Caption Statement: This image is meant to bring to the fore the layering of toxicity in our contemporary moment. In particular, it speaks to our dependence on petrolium and the lifecycle(s) of plastic. Here, the viewer is presented with a photograph of a black women's puffer jacket from the online retailer Everlane in the plastic bag from which it was shipped. The viewer is immediately confronted with text printed on the polybag that reads "This ia a poly bag. Almost every manufactured good that ships from a factory comes in one. This one is made from reycled plastic. Please recycle it again." Within the poly bag, though, the Everlane jacket itself is claimed to have been produced from 15 "renewed" (recycled) plastic bottles. Taken together, this image at once comments on the potentialities of using industrial or post-comsumer waste (espeically waste that is not biodegradable) into objects of beauty or utiliy, as well as subverting the inverse of this materiality: the continual use and implications of virgin plastic (in fashion and other domains). 
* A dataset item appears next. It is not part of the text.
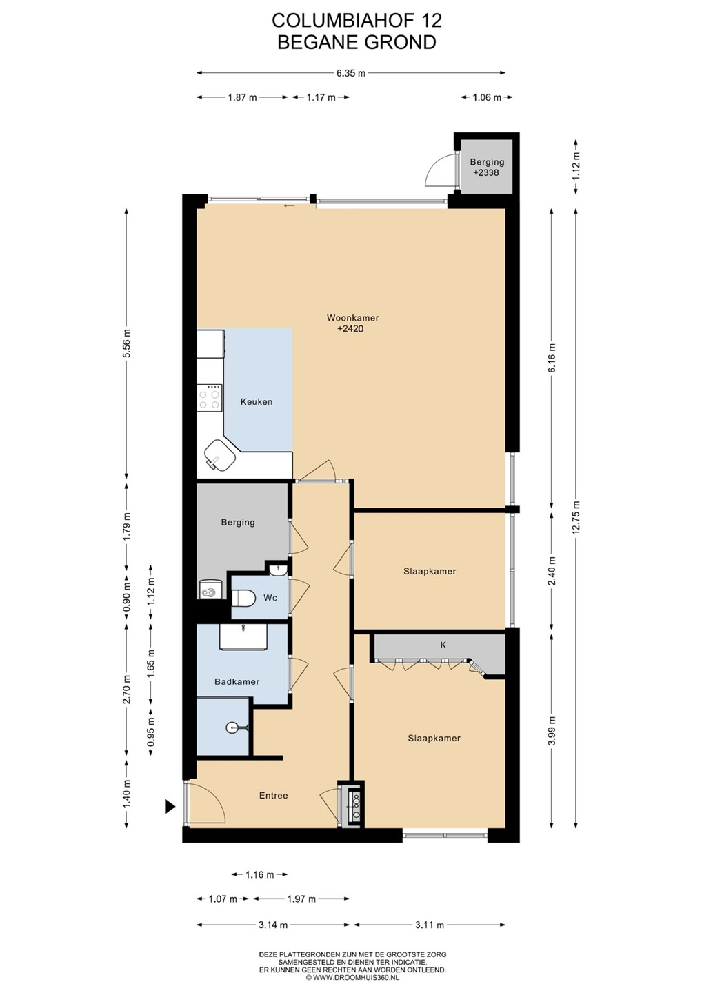 | Aantal kamers | 3 (waarvan 2 slaapkamers) |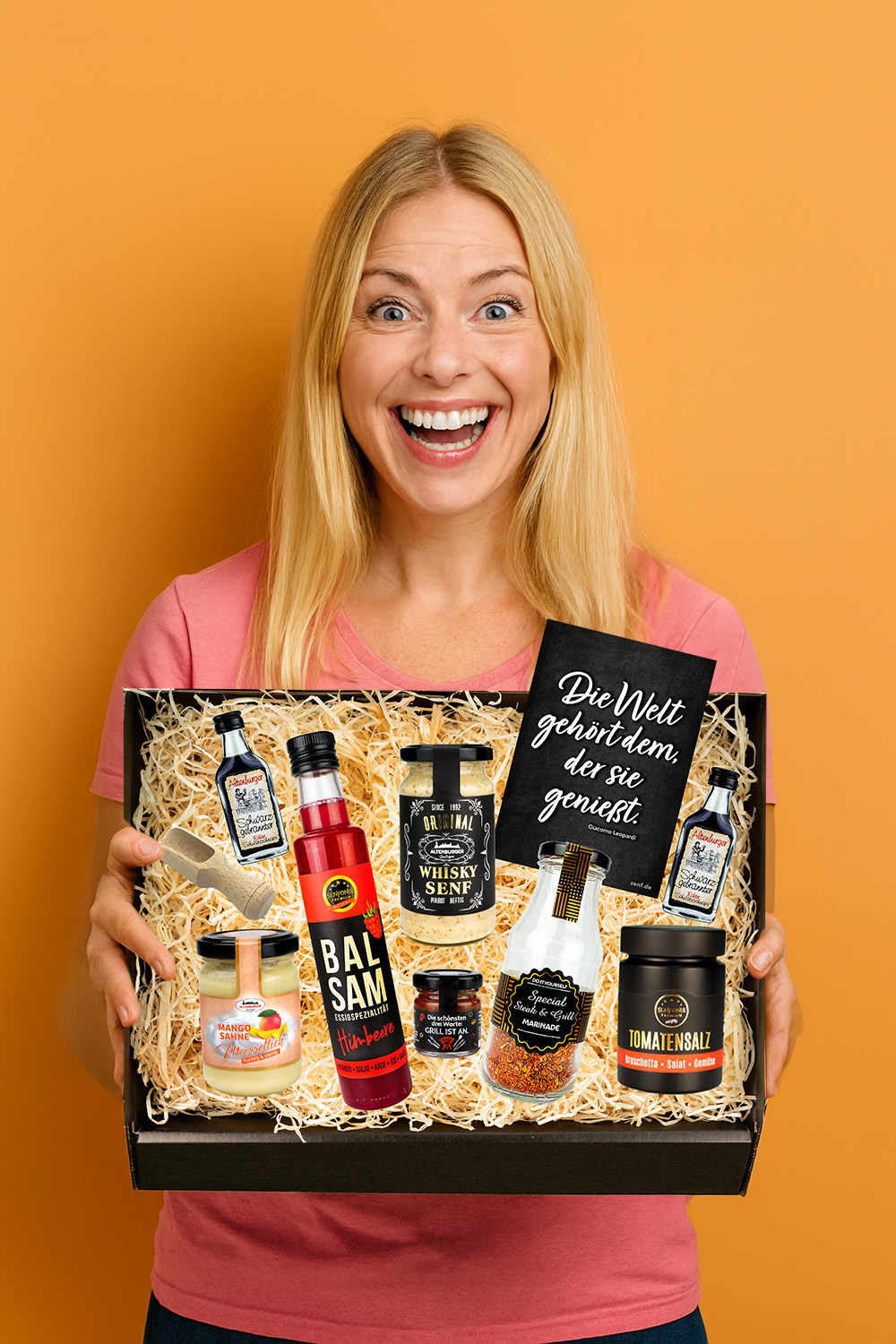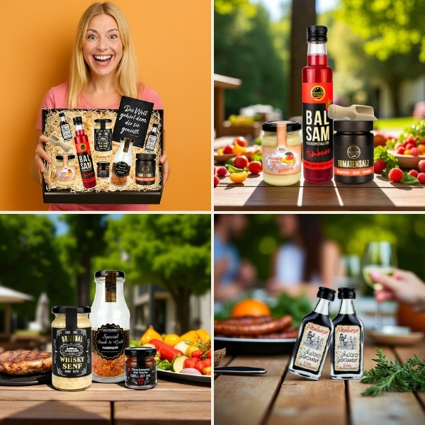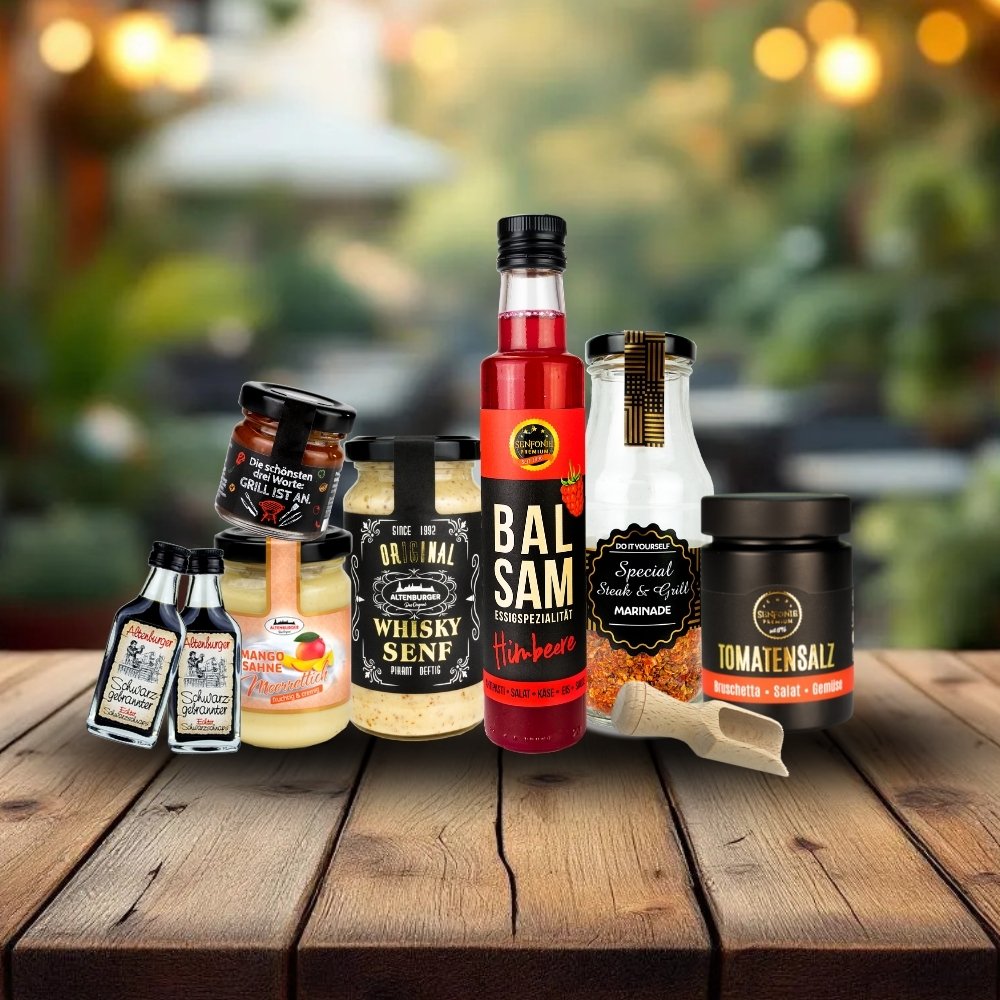 Verschenke kulinarische Leckereien aus Altenburg und bereite eine Freude mit regionalen Köstlichkeiten! Ob Senf, Gewürze, Meerrettich, Sauce oder Schnaps – jeder Präsentkorb ist liebevoll verpackt und enthält eine Postkarte mit dem Spruch "Die Welt gehört dem, der sie genießt." Ein Sticker "Geschenk voller Genuss" macht das Präsent perfekt. *Hinweis: Die Sorte des Fruchtessigs kann variieren. Entdecke die perfekte Geschenkidee, die Gaumenfreuden und herzliche Botschaften vereint!

Design Statement: I think because this is an image of apparel (among other things) it invites the reader to try an idea/concept/worldview on for size. Clothing largely serves as a boundary object between human - nature/environment. On the one hand, it could potentially protect one's body from toxicity in a multitile of ways: from physical/materual toxic substances (here I'm thinking of hazmat suits, bee-keeper apparel), to toxic environments (NASA space-suits could fit into this category), but also from socially toxic encounters by choosing to dress in a particular way. In this light, clothing can be seeing as a shield to toxicity. On the other hand, apparel repurposed from once (and potentially currrently) toxic substances engenders space to think about what it means to wear toxicity. Wearing toxicity could be read as an index: here, the Everlane jacket coud index the toxicity of plastic waste as a global probem. But here I'm thnking more about the embodied aspects of wearing potentially toxic material: how does this image, then, invite the viewer to think about what it means to have these repurposed materials enter the apparel market? What does it feel like to wear recycled polyster? What are the implications of this?